→ **INPUT DATA**:
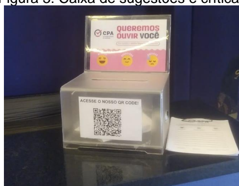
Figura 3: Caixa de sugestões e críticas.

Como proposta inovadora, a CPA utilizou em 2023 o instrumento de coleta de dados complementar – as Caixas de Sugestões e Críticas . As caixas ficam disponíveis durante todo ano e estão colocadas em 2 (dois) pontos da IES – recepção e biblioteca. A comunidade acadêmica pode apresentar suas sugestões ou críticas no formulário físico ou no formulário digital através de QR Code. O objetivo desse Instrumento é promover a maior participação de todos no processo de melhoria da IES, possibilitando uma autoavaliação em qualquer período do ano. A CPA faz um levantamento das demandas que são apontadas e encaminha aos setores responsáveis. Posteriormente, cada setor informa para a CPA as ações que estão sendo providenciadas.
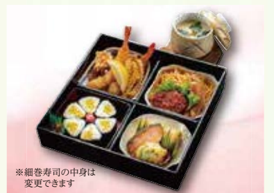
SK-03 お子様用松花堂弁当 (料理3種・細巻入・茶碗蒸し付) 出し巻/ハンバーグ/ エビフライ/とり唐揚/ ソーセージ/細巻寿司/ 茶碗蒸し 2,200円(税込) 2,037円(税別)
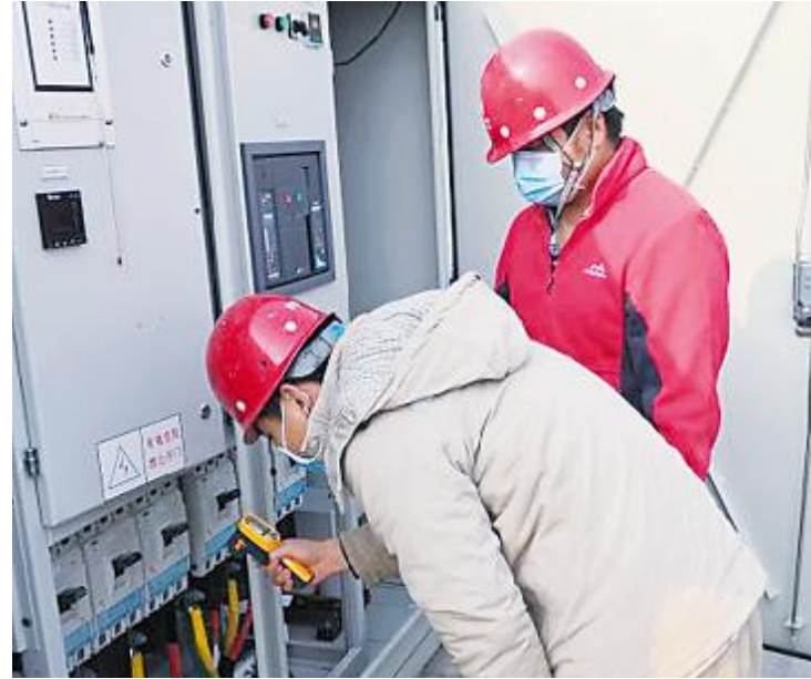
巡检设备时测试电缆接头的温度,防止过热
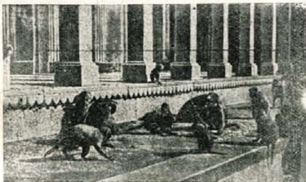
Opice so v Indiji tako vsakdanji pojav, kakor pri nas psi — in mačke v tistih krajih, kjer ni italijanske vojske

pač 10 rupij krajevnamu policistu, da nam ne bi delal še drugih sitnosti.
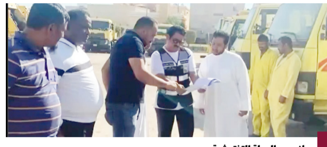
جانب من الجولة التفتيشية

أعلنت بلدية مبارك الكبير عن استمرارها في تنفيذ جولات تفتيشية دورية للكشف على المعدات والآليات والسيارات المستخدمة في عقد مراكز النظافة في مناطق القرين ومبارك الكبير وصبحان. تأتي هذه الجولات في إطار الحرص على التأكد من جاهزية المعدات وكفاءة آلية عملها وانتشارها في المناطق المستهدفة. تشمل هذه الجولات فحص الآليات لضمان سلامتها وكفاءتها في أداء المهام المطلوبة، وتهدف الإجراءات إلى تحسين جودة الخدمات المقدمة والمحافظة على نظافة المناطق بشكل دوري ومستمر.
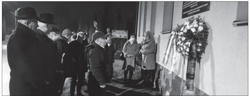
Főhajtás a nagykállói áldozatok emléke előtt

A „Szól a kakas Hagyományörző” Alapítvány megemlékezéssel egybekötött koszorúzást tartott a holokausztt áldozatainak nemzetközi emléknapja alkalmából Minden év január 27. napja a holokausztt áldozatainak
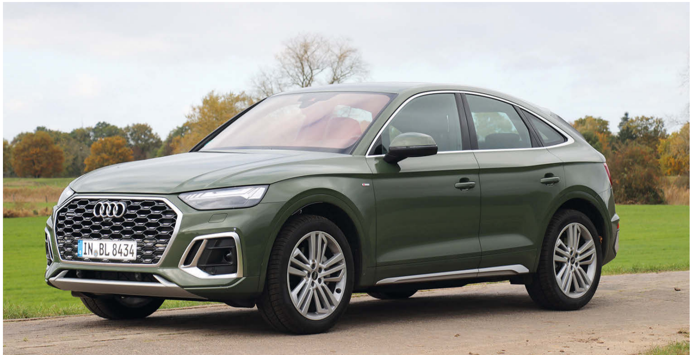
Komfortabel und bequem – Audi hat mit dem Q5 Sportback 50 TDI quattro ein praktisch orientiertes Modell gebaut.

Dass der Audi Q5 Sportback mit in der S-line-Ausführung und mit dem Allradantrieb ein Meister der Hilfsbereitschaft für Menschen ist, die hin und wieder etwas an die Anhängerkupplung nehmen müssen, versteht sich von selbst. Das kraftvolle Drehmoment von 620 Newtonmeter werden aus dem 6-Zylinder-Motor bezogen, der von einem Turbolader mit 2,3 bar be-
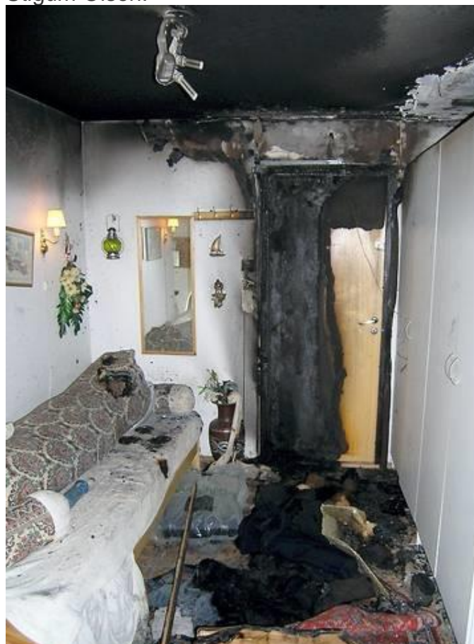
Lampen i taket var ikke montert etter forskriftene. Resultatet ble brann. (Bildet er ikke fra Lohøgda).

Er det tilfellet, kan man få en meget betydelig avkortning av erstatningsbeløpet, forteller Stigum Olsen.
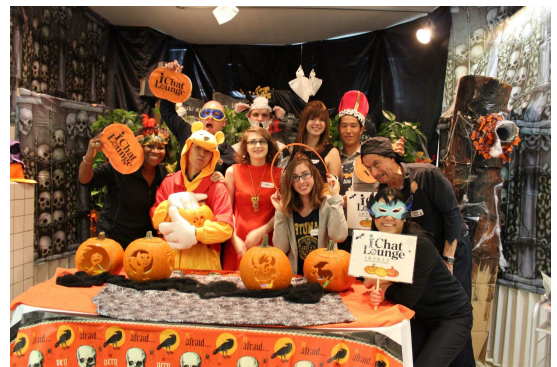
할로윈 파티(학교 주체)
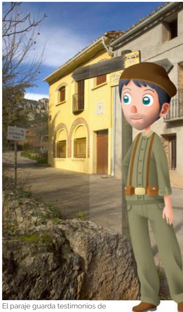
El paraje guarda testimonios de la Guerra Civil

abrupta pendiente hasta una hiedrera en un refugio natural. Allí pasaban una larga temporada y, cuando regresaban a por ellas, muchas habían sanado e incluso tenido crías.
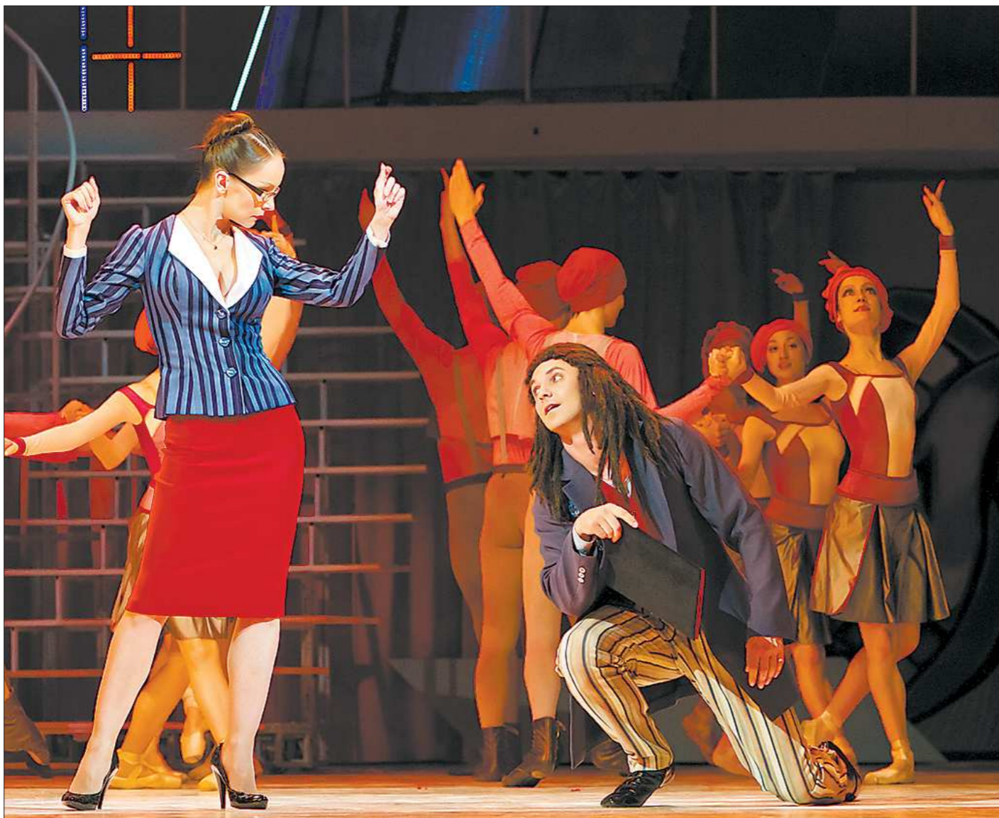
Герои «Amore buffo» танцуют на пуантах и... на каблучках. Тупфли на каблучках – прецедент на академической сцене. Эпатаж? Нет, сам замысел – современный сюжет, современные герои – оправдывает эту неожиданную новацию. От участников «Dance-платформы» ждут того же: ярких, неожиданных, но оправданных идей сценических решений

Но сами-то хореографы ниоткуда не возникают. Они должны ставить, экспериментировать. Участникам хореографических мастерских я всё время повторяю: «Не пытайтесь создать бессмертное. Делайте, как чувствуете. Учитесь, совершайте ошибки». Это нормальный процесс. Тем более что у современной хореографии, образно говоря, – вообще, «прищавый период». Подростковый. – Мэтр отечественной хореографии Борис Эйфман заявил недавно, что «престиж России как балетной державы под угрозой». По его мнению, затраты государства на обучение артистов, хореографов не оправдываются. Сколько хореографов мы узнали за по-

→ **PROBLEM DESCRIPTION**: When a line among the entries contains "críticas", pull that line out.

→ **WRITTEN RESPONSE**:
Figura 3: Caixa de sugestões e críticas.
Como proposta inovadora, a CPA utilizou em 2023 o instrumento de coleta de dados complementar – as Caixas de Sugestões e Críticas . As caixas ficam disponíveis durante todo ano e estão colocadas em 2 (dois) pontos da IES – recepção e biblioteca. A comunidade acadêmica pode apresentar suas sugestões ou críticas no formulário físico ou no formulário digital através de QR Code. O objetivo desse Instrumento é promover a maior participação de todos no processo de melhoria da IES, possibilitando uma autoavaliação em qualquer período do ano. A CPA faz um levantamento das demandas que são apontadas e encaminha aos setores responsáveis. Posteriormente, cada setor informa para a CPA as ações que estão sendo providenciadas.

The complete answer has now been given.